The records:

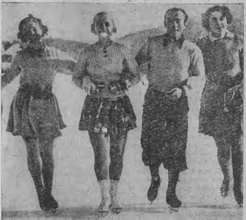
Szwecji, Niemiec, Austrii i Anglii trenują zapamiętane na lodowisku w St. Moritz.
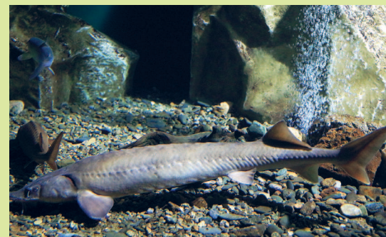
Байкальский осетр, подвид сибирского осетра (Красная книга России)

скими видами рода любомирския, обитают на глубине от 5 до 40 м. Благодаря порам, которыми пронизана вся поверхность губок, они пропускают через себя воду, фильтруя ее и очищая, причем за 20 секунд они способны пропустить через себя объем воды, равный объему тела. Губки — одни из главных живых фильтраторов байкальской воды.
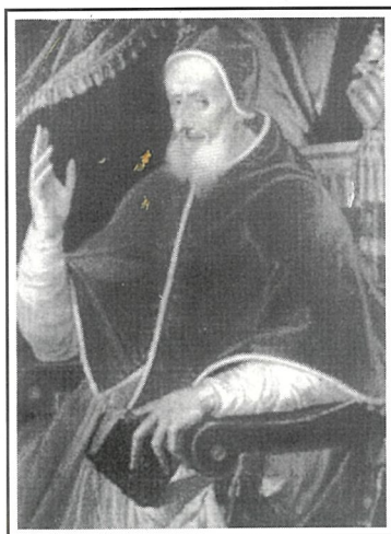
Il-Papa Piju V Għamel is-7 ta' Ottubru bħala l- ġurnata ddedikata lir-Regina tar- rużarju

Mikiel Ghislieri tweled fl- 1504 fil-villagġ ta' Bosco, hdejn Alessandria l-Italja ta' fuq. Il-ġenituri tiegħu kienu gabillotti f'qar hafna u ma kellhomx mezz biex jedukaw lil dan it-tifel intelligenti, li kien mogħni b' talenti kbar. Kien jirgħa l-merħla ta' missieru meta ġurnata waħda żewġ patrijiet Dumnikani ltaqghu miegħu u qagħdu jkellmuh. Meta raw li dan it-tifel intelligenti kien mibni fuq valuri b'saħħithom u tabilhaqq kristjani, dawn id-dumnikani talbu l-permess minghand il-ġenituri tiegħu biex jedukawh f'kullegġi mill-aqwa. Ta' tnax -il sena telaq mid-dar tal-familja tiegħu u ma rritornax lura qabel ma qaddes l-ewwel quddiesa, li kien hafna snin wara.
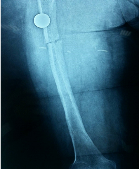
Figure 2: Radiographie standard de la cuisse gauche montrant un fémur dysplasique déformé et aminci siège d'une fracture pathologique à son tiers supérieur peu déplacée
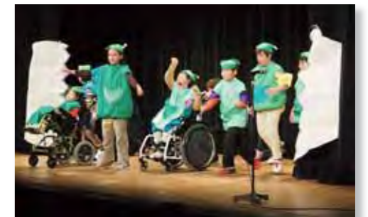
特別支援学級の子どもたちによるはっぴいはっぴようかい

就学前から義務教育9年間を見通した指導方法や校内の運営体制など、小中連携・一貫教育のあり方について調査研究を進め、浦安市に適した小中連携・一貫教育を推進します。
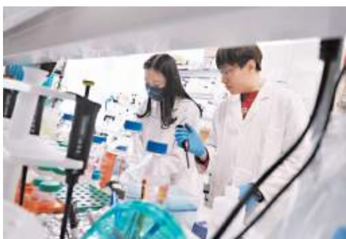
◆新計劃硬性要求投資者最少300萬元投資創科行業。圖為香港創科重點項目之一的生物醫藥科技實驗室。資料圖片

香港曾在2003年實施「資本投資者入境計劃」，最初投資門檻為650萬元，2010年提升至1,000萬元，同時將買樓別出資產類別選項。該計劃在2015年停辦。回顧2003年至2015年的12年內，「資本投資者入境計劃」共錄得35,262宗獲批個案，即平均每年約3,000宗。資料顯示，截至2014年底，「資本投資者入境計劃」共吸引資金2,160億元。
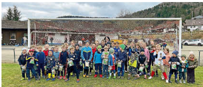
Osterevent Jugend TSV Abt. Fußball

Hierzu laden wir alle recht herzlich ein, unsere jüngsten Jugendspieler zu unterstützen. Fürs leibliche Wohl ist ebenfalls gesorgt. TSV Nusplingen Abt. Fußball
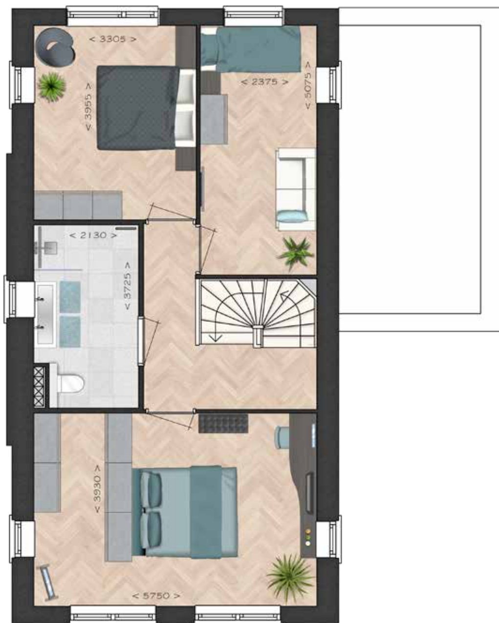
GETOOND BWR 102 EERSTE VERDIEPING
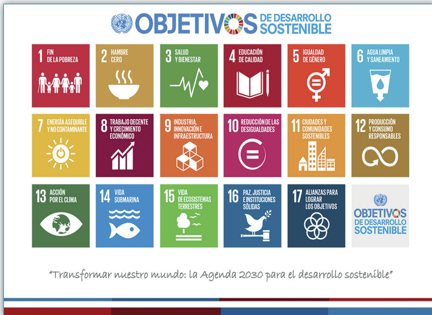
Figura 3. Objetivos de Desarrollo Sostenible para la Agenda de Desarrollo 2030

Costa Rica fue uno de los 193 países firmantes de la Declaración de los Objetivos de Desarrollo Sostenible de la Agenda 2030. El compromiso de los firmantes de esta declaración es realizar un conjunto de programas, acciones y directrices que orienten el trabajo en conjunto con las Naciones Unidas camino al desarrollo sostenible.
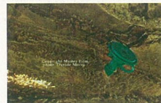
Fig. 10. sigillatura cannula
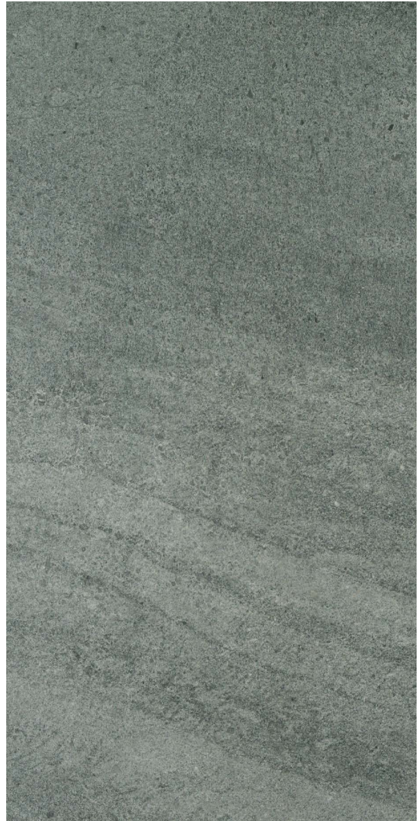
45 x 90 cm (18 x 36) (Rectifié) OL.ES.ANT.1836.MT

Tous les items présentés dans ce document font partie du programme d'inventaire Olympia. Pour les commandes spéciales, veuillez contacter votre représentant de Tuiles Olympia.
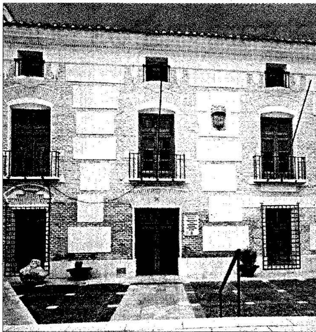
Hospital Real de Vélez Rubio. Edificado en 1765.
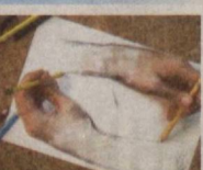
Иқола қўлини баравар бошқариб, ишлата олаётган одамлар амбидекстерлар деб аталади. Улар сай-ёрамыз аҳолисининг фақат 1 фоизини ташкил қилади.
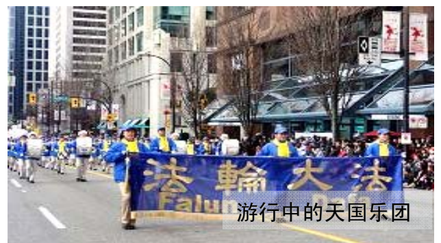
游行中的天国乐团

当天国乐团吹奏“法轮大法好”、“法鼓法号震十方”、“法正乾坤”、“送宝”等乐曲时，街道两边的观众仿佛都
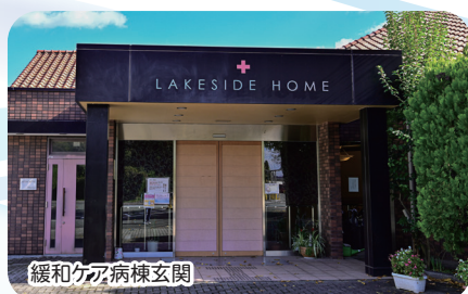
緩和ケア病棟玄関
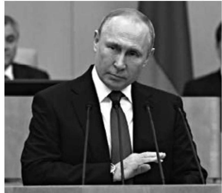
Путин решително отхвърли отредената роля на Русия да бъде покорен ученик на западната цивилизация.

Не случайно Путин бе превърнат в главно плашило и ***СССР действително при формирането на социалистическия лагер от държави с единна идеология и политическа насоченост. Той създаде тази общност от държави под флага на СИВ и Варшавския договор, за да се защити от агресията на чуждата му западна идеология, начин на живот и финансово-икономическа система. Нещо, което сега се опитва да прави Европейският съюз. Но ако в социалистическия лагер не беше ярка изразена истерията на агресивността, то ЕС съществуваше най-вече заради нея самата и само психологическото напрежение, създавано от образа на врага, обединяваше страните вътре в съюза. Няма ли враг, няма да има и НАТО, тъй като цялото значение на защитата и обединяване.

The task: Print the records above verbatim, minus any pictures.

Result for this task:
Szwecji, Niemiec, Austrii i Anglii trenują zapamiętane na lodowisku w St. Moritz.
Байкальский осетр, подвид сибирского осетра (Красная книга России)

скими видами рода любомирския, обитают на глубине от 5 до 40 м. Благодаря порам, которыми пронизана вся поверхность губок, они пропускают через себя воду, фильтруя ее и очищая, причем за 20 секунд они способны пропустить через себя объем воды, равный объему тела. Губки — одни из главных живых фильтраторов байкальской воды.
Il-Papa Piju V Għamel is-7 ta' Ottubru bħala l- ġurnata ddedikata lir-Regina tar- rużarju

Mikiel Ghislieri tweled fl- 1504 fil-villagġ ta' Bosco, hdejn Alessandria l-Italja ta' fuq. Il-ġenituri tiegħu kienu gabillotti f'qar hafna u ma kellhomx mezz biex jedukaw lil dan it-tifel intelligenti, li kien mogħni b' talenti kbar. Kien jirgħa l-merħla ta' missieru meta ġurnata waħda żewġ patrijiet Dumnikani ltaqghu miegħu u qagħdu jkellmuh. Meta raw li dan it-tifel intelligenti kien mibni fuq valuri b'saħħithom u tabilhaqq kristjani, dawn id-dumnikani talbu l-permess minghand il-ġenituri tiegħu biex jedukawh f'kullegġi mill-aqwa. Ta' tnax -il sena telaq mid-dar tal-familja tiegħu u ma rritornax lura qabel ma qaddes l-ewwel quddiesa, li kien hafna snin wara.
Figure 2: Radiographie standard de la cuisse gauche montrant un fémur dysplasique déformé et aminci siège d'une fracture pathologique à son tiers supérieur peu déplacée
特別支援学級の子どもたちによるはっぴいはっぴようかい

就学前から義務教育9年間を見通した指導方法や校内の運営体制など、小中連携・一貫教育のあり方について調査研究を進め、浦安市に適した小中連携・一貫教育を推進します。
◆新計劃硬性要求投資者最少300萬元投資創科行業。圖為香港創科重點項目之一的生物醫藥科技實驗室。資料圖片

香港曾在2003年實施「資本投資者入境計劃」，最初投資門檻為650萬元，2010年提升至1,000萬元，同時將買樓別出資產類別選項。該計劃在2015年停辦。回顧2003年至2015年的12年內，「資本投資者入境計劃」共錄得35,262宗獲批個案，即平均每年約3,000宗。資料顯示，截至2014年底，「資本投資者入境計劃」共吸引資金2,160億元。
Osterevent Jugend TSV Abt. Fußball

Hierzu laden wir alle recht herzlich ein, unsere jüngsten Jugendspieler zu unterstützen. Fürs leibliche Wohl ist ebenfalls gesorgt. TSV Nusplingen Abt. Fußball
GETOOND BWR 102 EERSTE VERDIEPING
Figura 3. Objetivos de Desarrollo Sostenible para la Agenda de Desarrollo 2030

Costa Rica fue uno de los 193 países firmantes de la Declaración de los Objetivos de Desarrollo Sostenible de la Agenda 2030. El compromiso de los firmantes de esta declaración es realizar un conjunto de programas, acciones y directrices que orienten el trabajo en conjunto con las Naciones Unidas camino al desarrollo sostenible.
Fig. 10. sigillatura cannula
45 x 90 cm (18 x 36) (Rectifié) OL.ES.ANT.1836.MT

Tous les items présentés dans ce document font partie du programme d'inventaire Olympia. Pour les commandes spéciales, veuillez contacter votre représentant de Tuiles Olympia.
Hospital Real de Vélez Rubio. Edificado en 1765.
Иқола қўлини баравар бошқариб, ишлата олаётган одамлар амбидекстерлар деб аталади. Улар сай-ёрамыз аҳолисининг фақат 1 фоизини ташкил қилади.
游行中的天国乐团

当天国乐团吹奏“法轮大法好”、“法鼓法号震十方”、“法正乾坤”、“送宝”等乐曲时，街道两边的观众仿佛都
緩和ケア病棟玄関
Путин решително отхвърли отредената роля на Русия да бъде покорен ученик на западната цивилизация.

Не случайно Путин бе превърнат в главно плашило и ***СССР действително при формирането на социалистическия лагер от държави с единна идеология и политическа насоченост. Той създаде тази общност от държави под флага на СИВ и Варшавския договор, за да се защити от агресията на чуждата му западна идеология, начин на живот и финансово-икономическа система. Нещо, което сега се опитва да прави Европейският съюз. Но ако в социалистическия лагер не беше ярка изразена истерията на агресивността, то ЕС съществуваше най-вече заради нея самата и само психологическото напрежение, създавано от образа на врага, обединяваше страните вътре в съюза. Няма ли враг, няма да има и НАТО, тъй като цялото значение на защитата и обединяване.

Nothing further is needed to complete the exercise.